## WHAT YOU ARE ASKED TO DO:
Exactly the lines from the one containing "The yunsheng Battery" through the end of the listing must make up the answer, with no pictures included.
--- DATASET CONTENT Enclosed Below ---
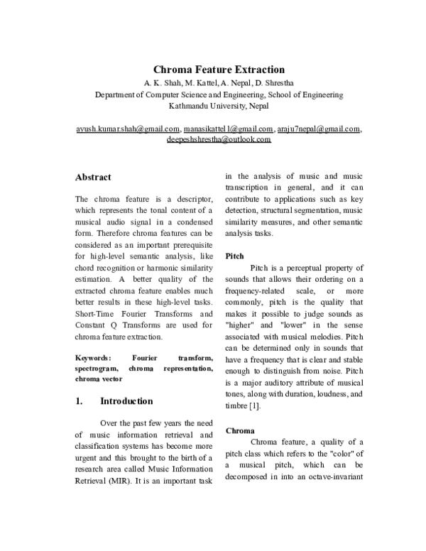 (PDF) Chroma Feature Extraction
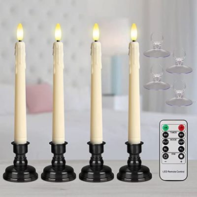 The yunsheng Battery Operated LED Window Candles are perfect for adding a cozy and traditional touch to your home decor. With an excellent design that mimics the look of conventional candles, these flameless taper candles feature a dripping wax appearance and warm white LED lights that flicker and float, creating a realistic flame effect. The candles come with a 10-key remote control that allows you to turn them on/off, adjust brightness, and choose from different flickering modes. The automatic timer function lets you set the candles to stay on for 4 or 6 hours and then automatically turn off. Made with high-quality materials, these candles are safe to use and provide long-lasting illumination. The set includes 4 ivory candles, detachable candlesticks, suction cups, and a remote control. Enhance the ambiance of your home with these beautiful and convenient LED window candles.
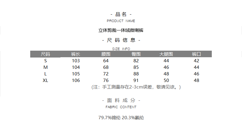 立体剪裁一体绒微喇裤(一口价)
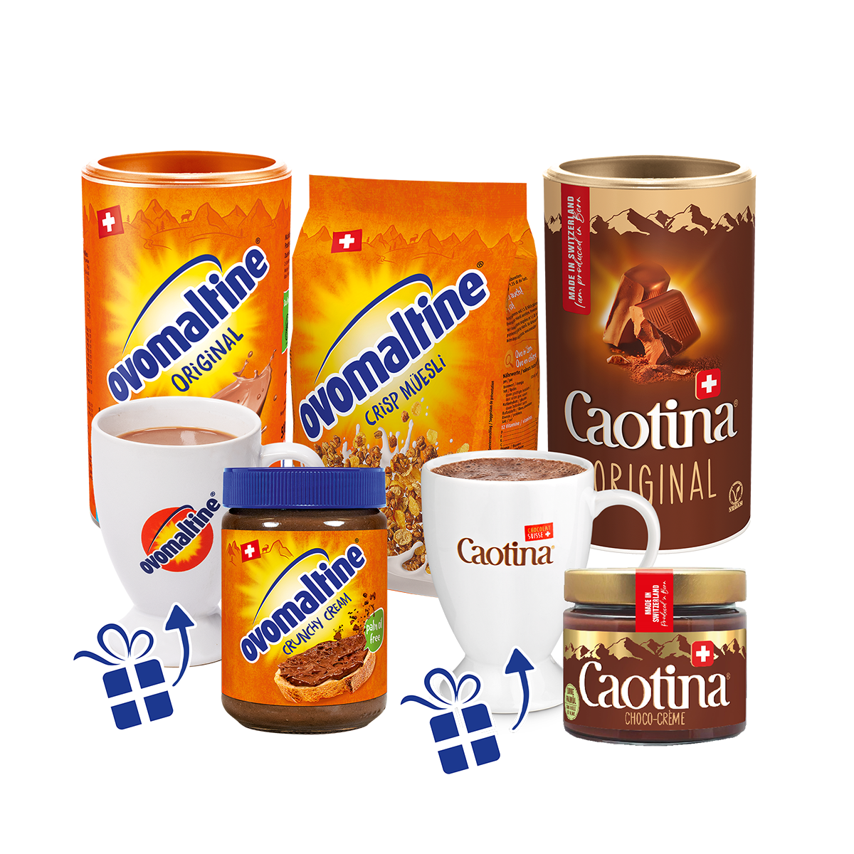 Das Ovo Schwizer Zmorge Set beinhaltet alle Schweizer Frühstücksprodukte von Ovomaltine und Caotina, die Sie sich wünschen – inkl. 2 kultigen Tassen!
--- End of Enclosed DATASET CONTENT ---
## RESPONSE TO THE TASK:
 The yunsheng Battery Operated LED Window Candles are perfect for adding a cozy and traditional touch to your home decor. With an excellent design that mimics the look of conventional candles, these flameless taper candles feature a dripping wax appearance and warm white LED lights that flicker and float, creating a realistic flame effect. The candles come with a 10-key remote control that allows you to turn them on/off, adjust brightness, and choose from different flickering modes. The automatic timer function lets you set the candles to stay on for 4 or 6 hours and then automatically turn off. Made with high-quality materials, these candles are safe to use and provide long-lasting illumination. The set includes 4 ivory candles, detachable candlesticks, suction cups, and a remote control. Enhance the ambiance of your home with these beautiful and convenient LED window candles.
 立体剪裁一体绒微喇裤(一口价)
 Das Ovo Schwizer Zmorge Set beinhaltet alle Schweizer Frühstücksprodukte von Ovomaltine und Caotina, die Sie sich wünschen – inkl. 2 kultigen Tassen!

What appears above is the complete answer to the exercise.